* WHAT YOU WILL DO *
Your output should be the lines below from the one with "Pois bem o making" through the one with "哪怕是在加盟費(fèi)用早", copied exactly, pictures excluded.

* RECORDS FOR THE EXERCISE *
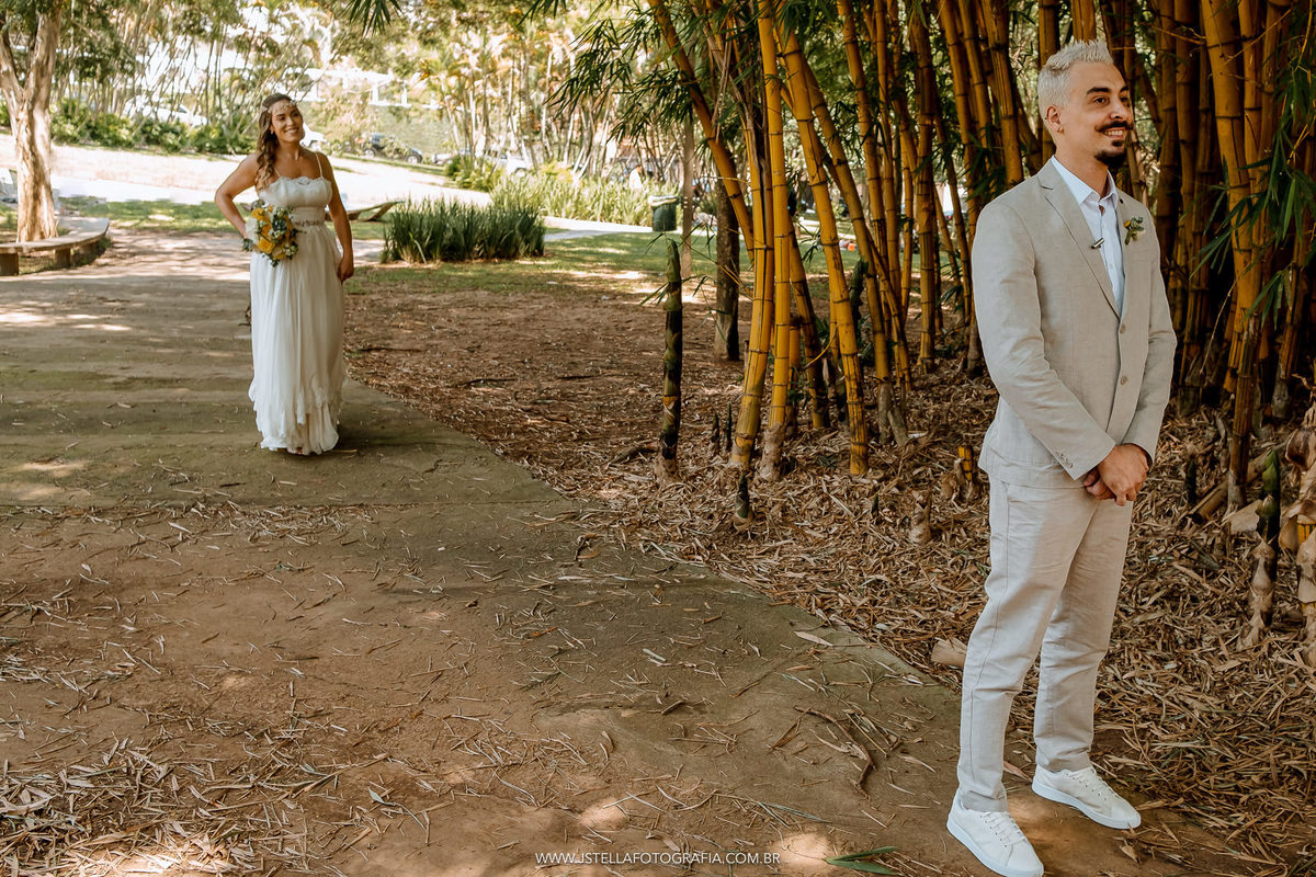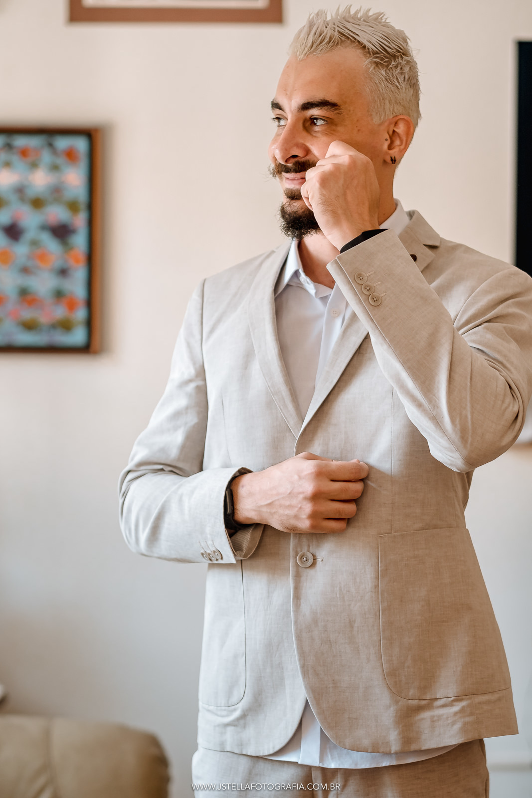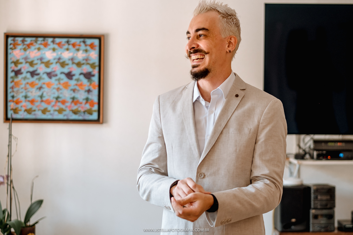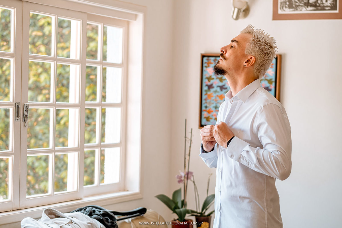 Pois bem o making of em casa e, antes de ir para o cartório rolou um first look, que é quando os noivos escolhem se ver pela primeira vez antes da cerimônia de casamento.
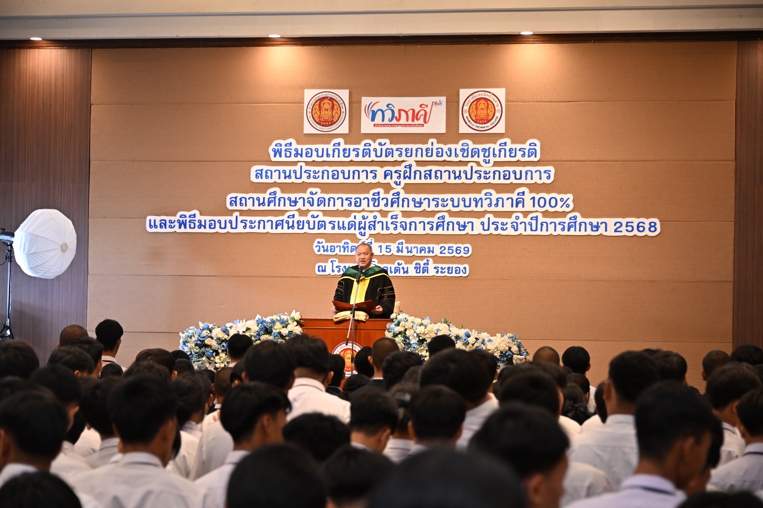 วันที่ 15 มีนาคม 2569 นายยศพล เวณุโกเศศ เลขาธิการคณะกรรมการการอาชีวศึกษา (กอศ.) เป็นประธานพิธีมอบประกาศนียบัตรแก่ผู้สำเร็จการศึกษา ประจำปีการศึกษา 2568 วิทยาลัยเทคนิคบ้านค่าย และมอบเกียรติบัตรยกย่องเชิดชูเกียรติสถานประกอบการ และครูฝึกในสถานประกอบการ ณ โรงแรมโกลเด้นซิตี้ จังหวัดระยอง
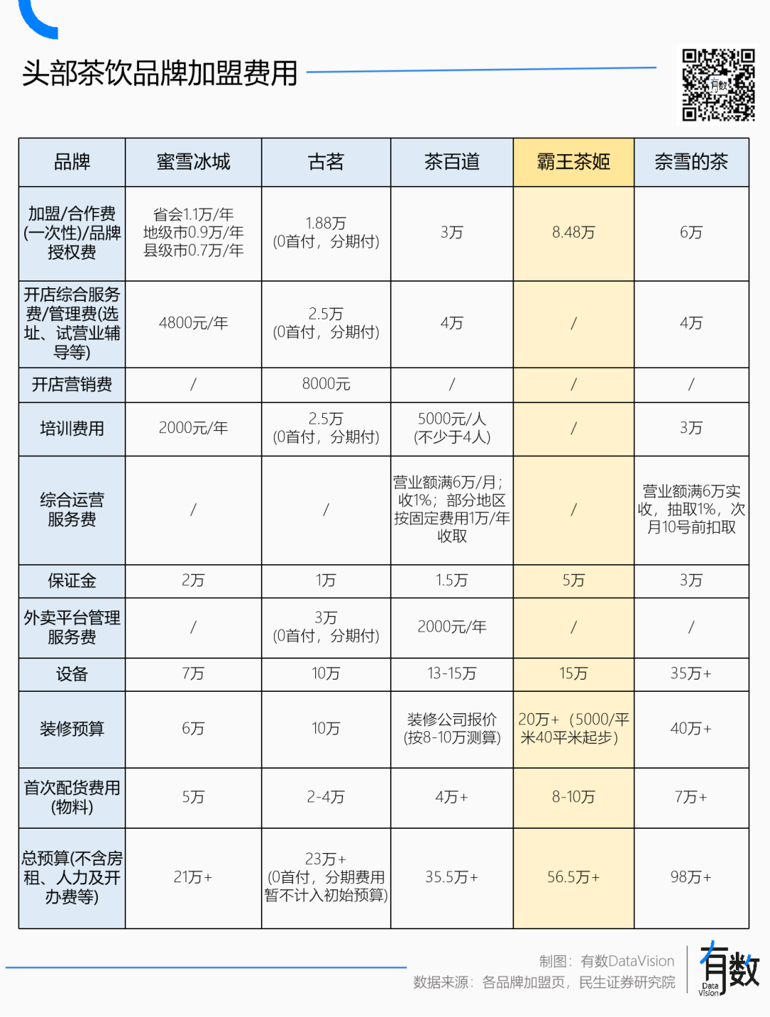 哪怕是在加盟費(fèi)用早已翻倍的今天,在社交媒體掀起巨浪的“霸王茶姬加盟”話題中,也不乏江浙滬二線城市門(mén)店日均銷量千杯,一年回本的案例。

==

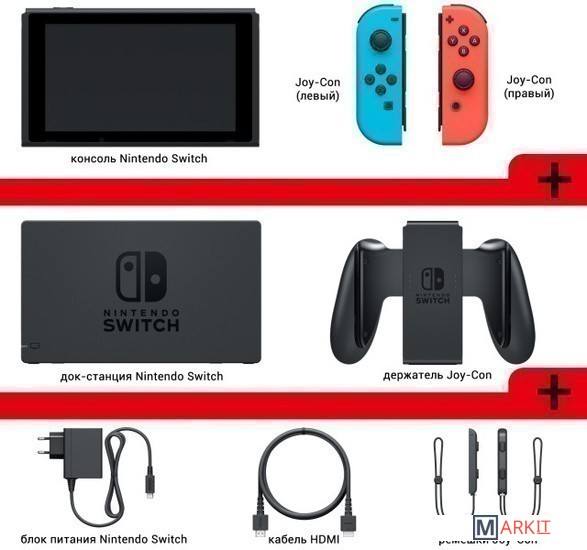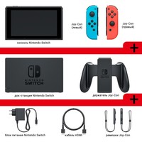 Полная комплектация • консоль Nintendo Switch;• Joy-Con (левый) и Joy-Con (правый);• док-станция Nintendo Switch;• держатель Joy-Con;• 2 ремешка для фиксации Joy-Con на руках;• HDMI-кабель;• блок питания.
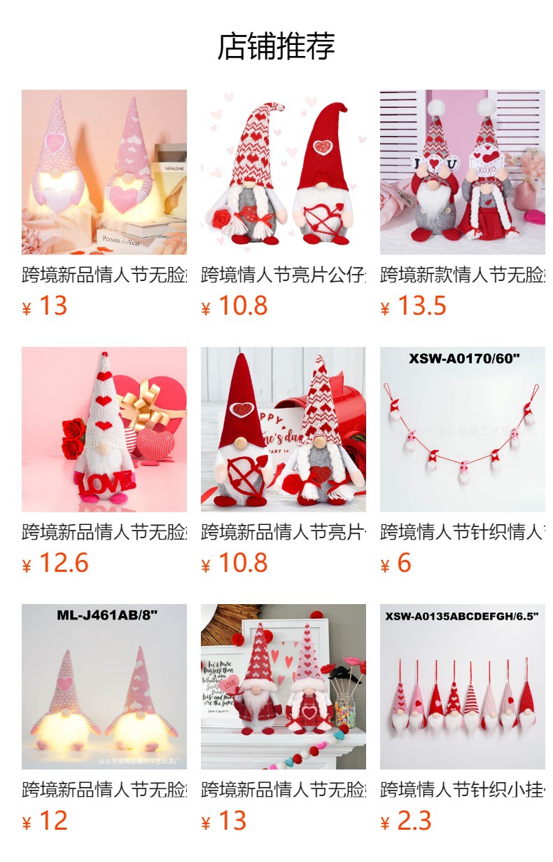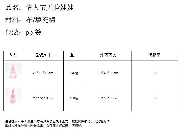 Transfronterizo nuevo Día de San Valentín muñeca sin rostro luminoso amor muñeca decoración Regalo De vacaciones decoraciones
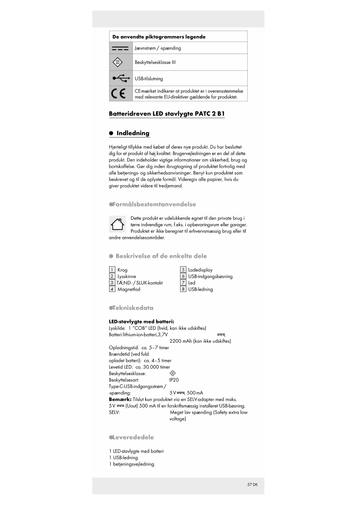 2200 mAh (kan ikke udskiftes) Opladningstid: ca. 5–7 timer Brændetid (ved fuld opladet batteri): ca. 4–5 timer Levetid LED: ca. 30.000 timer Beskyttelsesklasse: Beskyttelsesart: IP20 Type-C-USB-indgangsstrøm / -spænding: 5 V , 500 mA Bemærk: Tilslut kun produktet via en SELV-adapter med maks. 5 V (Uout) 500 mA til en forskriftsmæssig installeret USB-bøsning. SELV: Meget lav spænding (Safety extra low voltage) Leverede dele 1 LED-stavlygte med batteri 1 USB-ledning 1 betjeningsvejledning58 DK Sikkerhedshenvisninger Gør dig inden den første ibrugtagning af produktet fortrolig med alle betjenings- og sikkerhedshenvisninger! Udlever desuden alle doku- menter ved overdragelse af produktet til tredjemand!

...

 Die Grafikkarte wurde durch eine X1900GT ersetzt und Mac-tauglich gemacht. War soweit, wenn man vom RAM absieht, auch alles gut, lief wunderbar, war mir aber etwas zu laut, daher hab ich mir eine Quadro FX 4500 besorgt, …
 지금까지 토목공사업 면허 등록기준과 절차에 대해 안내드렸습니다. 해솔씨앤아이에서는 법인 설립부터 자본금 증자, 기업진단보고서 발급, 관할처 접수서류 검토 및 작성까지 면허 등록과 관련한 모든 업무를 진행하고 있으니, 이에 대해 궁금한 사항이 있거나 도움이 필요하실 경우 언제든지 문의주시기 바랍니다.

* EXERCISE SOLUTION *
 Pois bem o making of em casa e, antes de ir para o cartório rolou um first look, que é quando os noivos escolhem se ver pela primeira vez antes da cerimônia de casamento.
 วันที่ 15 มีนาคม 2569 นายยศพล เวณุโกเศศ เลขาธิการคณะกรรมการการอาชีวศึกษา (กอศ.) เป็นประธานพิธีมอบประกาศนียบัตรแก่ผู้สำเร็จการศึกษา ประจำปีการศึกษา 2568 วิทยาลัยเทคนิคบ้านค่าย และมอบเกียรติบัตรยกย่องเชิดชูเกียรติสถานประกอบการ และครูฝึกในสถานประกอบการ ณ โรงแรมโกลเด้นซิตี้ จังหวัดระยอง
 哪怕是在加盟費(fèi)用早已翻倍的今天,在社交媒體掀起巨浪的“霸王茶姬加盟”話題中,也不乏江浙滬二線城市門(mén)店日均銷量千杯,一年回本的案例。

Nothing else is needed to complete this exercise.